──────── Data records

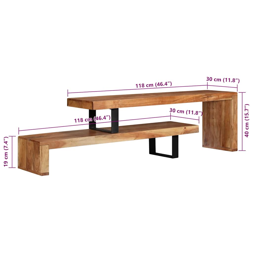 Tento unikátní televizní stolek se skládá ze dvou stohovatelných částí, které můžete umístit dle libosti. Je vyrobený z akáciového masivu, jehož vintage vzhled skvěle doplní váš interiér. Odlišnosti ve struktuře a barvě dřeva mu dodávají jedinečný charakter.
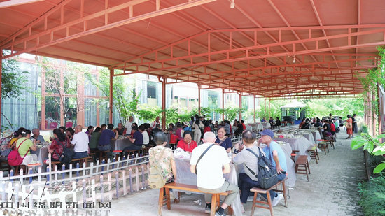 當(dāng)天,在采摘園內(nèi)的餐廳,坐滿來采摘的游客,正品嘗當(dāng)?shù)氐奶厣朗场?ldquo;一進(jìn)園子,很好的感覺,有小番茄、桃子、野菜,還有梓潼最出名的片粉,真的很不錯(cuò)。”游客董彩云說。
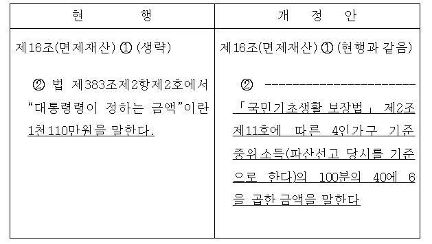 생계비 명목 파산재단 면제재산 상한을 ‘정률’로 개정
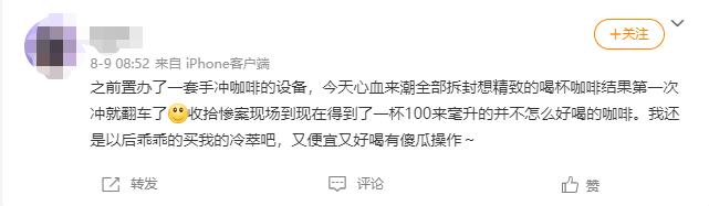 而如今,一些单纯想用手冲装X的人,不会真心投入精力于钻研技术,但却丝毫不减鄙视其他咖啡种类的优越感,完事还会为自己冲翻车、口感不如速溶的咖啡补救一句:
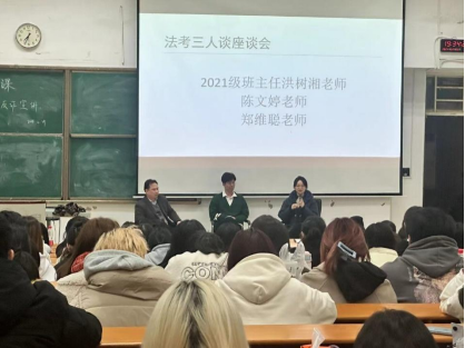 2021级班主任洪树湘,专任教师陈文婷、郑维聪三位老师以“法考”为主题为同学们举办了“法考三人谈”座谈会。会上,三位老师先后发言,交流讨论法考和考研的经验。洪树湘老师认为,法考备考时应针对个人情况了解院校概况等信息,坚定意志,保持专注、自律并做好备考计划,多前往自习室学习。陈文婷老师认为,备考可视作项目管理,分为启动、计划、实施、监控与管理和收尾五个环节。通过分解计划,设定目标,及时调整心态,提高有效学习时间,才能长久进步。郑维聪老师认为,同学们需明晰法考和考研的目的,学会接受失败,才能越挫越勇。法考虽难,但不需妖魔化,需要讲究技巧。客观题避免投机取巧,用主观题的方法去做,学会放弃实在学不会的知识点。最后,老师对同学们在提问环节为员工们进行了解答,现场气氛活跃。
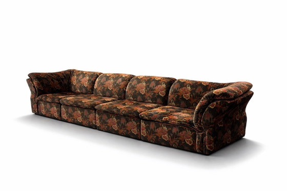 Immergiti nel fascino degli anni '70 con questo splendido divano modulare vintage. Con il suo ricco e audace motivo floreale, questo divano dona un tocco di eleganza retrò a qualsiasi ambiente. Il suo design modulare offre flessibilità e comfort, perfetto sia per spazi ampi che piccoli. Lasciati avvolgere dai morbidi cuscini effetto velluto e goditi uno stile senza tempo che non passa mai di moda. Normali segni di usura dovuti al tempo.
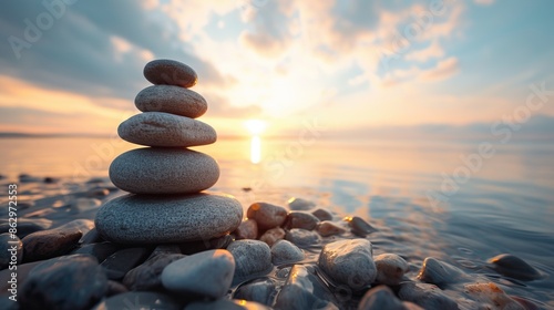 Fototapeta premium A stack of smooth stones balanced on a rocky beach at sunset, with a calm sea...
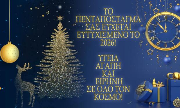 Το ΠΕΝΤΑΠΟΣΤΑΓΜΑ και οι συνεργάτες του εύχονται από καρδιάς το 2026 να είναι μια καλή χρονιά για όλους τους αναγνώστες και τις αναγνώστριες, σε κάθε γωνιά της Ελλάδας και σε κάθε σημείο του κόσμου όπου χτυπά η ελληνική καρδιά.

────────────────

* _Task requirements_
Omit all pictures, and repeat exactly the lines from the line containing "當(dāng)天,在采摘園內" through the end of the data.

* _Solution to this problem_
 當(dāng)天,在采摘園內(nèi)的餐廳,坐滿來采摘的游客,正品嘗當(dāng)?shù)氐奶厣朗场?ldquo;一進(jìn)園子,很好的感覺,有小番茄、桃子、野菜,還有梓潼最出名的片粉,真的很不錯(cuò)。”游客董彩云說。
 생계비 명목 파산재단 면제재산 상한을 ‘정률’로 개정
 而如今,一些单纯想用手冲装X的人,不会真心投入精力于钻研技术,但却丝毫不减鄙视其他咖啡种类的优越感,完事还会为自己冲翻车、口感不如速溶的咖啡补救一句:
 2021级班主任洪树湘,专任教师陈文婷、郑维聪三位老师以“法考”为主题为同学们举办了“法考三人谈”座谈会。会上,三位老师先后发言,交流讨论法考和考研的经验。洪树湘老师认为,法考备考时应针对个人情况了解院校概况等信息,坚定意志,保持专注、自律并做好备考计划,多前往自习室学习。陈文婷老师认为,备考可视作项目管理,分为启动、计划、实施、监控与管理和收尾五个环节。通过分解计划,设定目标,及时调整心态,提高有效学习时间,才能长久进步。郑维聪老师认为,同学们需明晰法考和考研的目的,学会接受失败,才能越挫越勇。法考虽难,但不需妖魔化,需要讲究技巧。客观题避免投机取巧,用主观题的方法去做,学会放弃实在学不会的知识点。最后,老师对同学们在提问环节为员工们进行了解答,现场气氛活跃。
 Immergiti nel fascino degli anni '70 con questo splendido divano modulare vintage. Con il suo ricco e audace motivo floreale, questo divano dona un tocco di eleganza retrò a qualsiasi ambiente. Il suo design modulare offre flessibilità e comfort, perfetto sia per spazi ampi che piccoli. Lasciati avvolgere dai morbidi cuscini effetto velluto e goditi uno stile senza tempo che non passa mai di moda. Normali segni di usura dovuti al tempo.
 Fototapeta premium A stack of smooth stones balanced on a rocky beach at sunset, with a calm sea...
 Το ΠΕΝΤΑΠΟΣΤΑΓΜΑ και οι συνεργάτες του εύχονται από καρδιάς το 2026 να είναι μια καλή χρονιά για όλους τους αναγνώστες και τις αναγνώστριες, σε κάθε γωνιά της Ελλάδας και σε κάθε σημείο του κόσμου όπου χτυπά η ελληνική καρδιά.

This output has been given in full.